Carla Ferreira writes:

“In Venezuela and abroad, Cecosesola holds the reputation for being a leading example in successful and innovative cooperativism. For years they have hosted a continuous flow of visitors- researchers, students and everyday citizens alike- all drawn by the prospect of a working alternative to the capitalist model.

Here they find just that- a more humane and just social-economic system, whose main pillars are shared responsibility, consensus-based decision-making and ongoing communication through regular participatory meetings. It was in these circumstances that on September 27 2010, three volunteers arrived in Barquisimeto from the Prout Research Institute of Venezuela. The following is based on ten days in the life of the Center of Cooperatives of Social Services of Lara State (Cecosesola, its Spanish acronym), that in December celebrated 43 years of struggle and success.

A wooden plaque boldly engraved with the words: “MEETING ROOM OF CECOCESOLA DIRECTORS” has found a new location after visiting many corners of the funerary services office in the cooperative’s central building. It now rests, solemnly, in the front window of the building they call the “School”, located on the same grounds as the Central Market, the biggest market of food and domestic goods in Barquisimeto. The official-looking object has the symbolic weight of a museum piece. It is displayed to remind hundreds of worker-members that pass through every day of a very different time in Cecosesola’s history, when it was a “hierarchical, rigid and bureaucratical” organization (1).

Since the co-op was founded in 1967 by a group of 10 cooperatives in the region, until today, it has aimed at progressively diminishing those vestiges of the traditional vertical structure on which the current “patriarchal culture” is based (2). This theme, incidentally, has been both valuable for the organization, and has produced extensive knowledge from the daily experience in the laboratory of their workplace.

“The workers were just workers – they obeyed and didn’t take part in the meetings,” remembers Gustavo Salas, 68 years old, one of the many young volunteers that went to Barquisimeto in the early 70’s to advise the regional cooperative movement, then organized around savings and loans. “In 1971 when I got here, after leaving the administrator’s position of one of my father’s companies, Cecosesola was already a bureaucratic organization, and because of that, it had lost the enthusiasm of the first years,” he adds. This wave of volunteers, who were inspired by the Cuban Revolution, the Allende movement in Chile, and by an ideal of Christian socialism, originally came to help the religious group, Communitarian Organization for the Marginalized, that had given impulse to the development of the cooperative movement in Barquisimeto since the 60’s.

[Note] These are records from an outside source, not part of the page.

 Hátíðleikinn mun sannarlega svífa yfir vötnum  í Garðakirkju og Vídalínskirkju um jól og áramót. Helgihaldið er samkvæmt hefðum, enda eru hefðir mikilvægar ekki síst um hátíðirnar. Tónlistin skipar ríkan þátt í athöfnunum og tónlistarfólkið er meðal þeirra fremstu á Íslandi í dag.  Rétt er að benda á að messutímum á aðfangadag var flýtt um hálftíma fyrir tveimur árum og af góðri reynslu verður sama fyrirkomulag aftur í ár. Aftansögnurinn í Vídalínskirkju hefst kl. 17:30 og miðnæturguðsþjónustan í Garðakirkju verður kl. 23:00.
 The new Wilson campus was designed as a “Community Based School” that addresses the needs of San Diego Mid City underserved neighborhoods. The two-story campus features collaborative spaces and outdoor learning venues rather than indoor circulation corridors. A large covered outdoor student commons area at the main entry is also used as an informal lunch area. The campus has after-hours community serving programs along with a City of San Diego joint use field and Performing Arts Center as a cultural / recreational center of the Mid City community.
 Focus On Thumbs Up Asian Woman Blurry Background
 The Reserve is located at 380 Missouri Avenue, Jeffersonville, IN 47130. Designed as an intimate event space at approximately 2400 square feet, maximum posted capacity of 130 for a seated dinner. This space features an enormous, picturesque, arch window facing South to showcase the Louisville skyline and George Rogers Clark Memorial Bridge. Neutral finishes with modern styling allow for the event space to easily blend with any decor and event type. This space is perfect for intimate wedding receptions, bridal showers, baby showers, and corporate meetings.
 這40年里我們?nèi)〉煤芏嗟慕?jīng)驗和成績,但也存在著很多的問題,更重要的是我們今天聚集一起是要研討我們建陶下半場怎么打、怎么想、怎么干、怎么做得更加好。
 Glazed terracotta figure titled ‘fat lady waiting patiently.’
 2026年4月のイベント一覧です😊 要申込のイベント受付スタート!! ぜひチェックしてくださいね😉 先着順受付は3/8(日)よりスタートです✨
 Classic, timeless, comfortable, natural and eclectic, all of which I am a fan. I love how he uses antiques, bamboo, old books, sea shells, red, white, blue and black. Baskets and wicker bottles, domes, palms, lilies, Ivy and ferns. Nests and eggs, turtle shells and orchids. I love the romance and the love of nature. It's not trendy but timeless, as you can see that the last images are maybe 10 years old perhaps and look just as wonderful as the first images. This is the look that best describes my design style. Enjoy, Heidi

“We had a dream: that the cooperatives would be like an advance model of the society we wanted to build. But we didn’t know how to do this, and besides, we thought the transformation depended on the State, on some kind of power,” recounts Teofilo Ugalde, a 67-year-old Cuban native. He arrived in Venezuela in 1968 as a Catholic priest, and came in contact with the organization during it’s most politically and economically challenging years managing a Cooperative Transportation Service (1974-1985). This quickly become the largest and most affordable bus service in Barquisimeto. Trouble began in 1980 when the local government cut off subsidies, and the cooperative began running up $300,000 in debt every month. Cecosesola maintained it’s low price at half the going rate, at .25 Bs., as promised to the local community, despite financial difficulties imposed by the government. This fight laid the foundation for the dynamic self-organizing process that defines what Cecosesola is today.

And what is Cecosesola today? The collective describes itself as a “cooperative integration organism,” that involves 60 community organizations, more than 20,000 members, and a broad spectrum of activities including: agriculture, small-scale agro-industry, funeraral services, transportation, health, savings and loans, mutual funds, and distribution of food and domestic items. The cooperative has annual gross sales of 200 million Bolivares Fuertes, close to US$47 million.”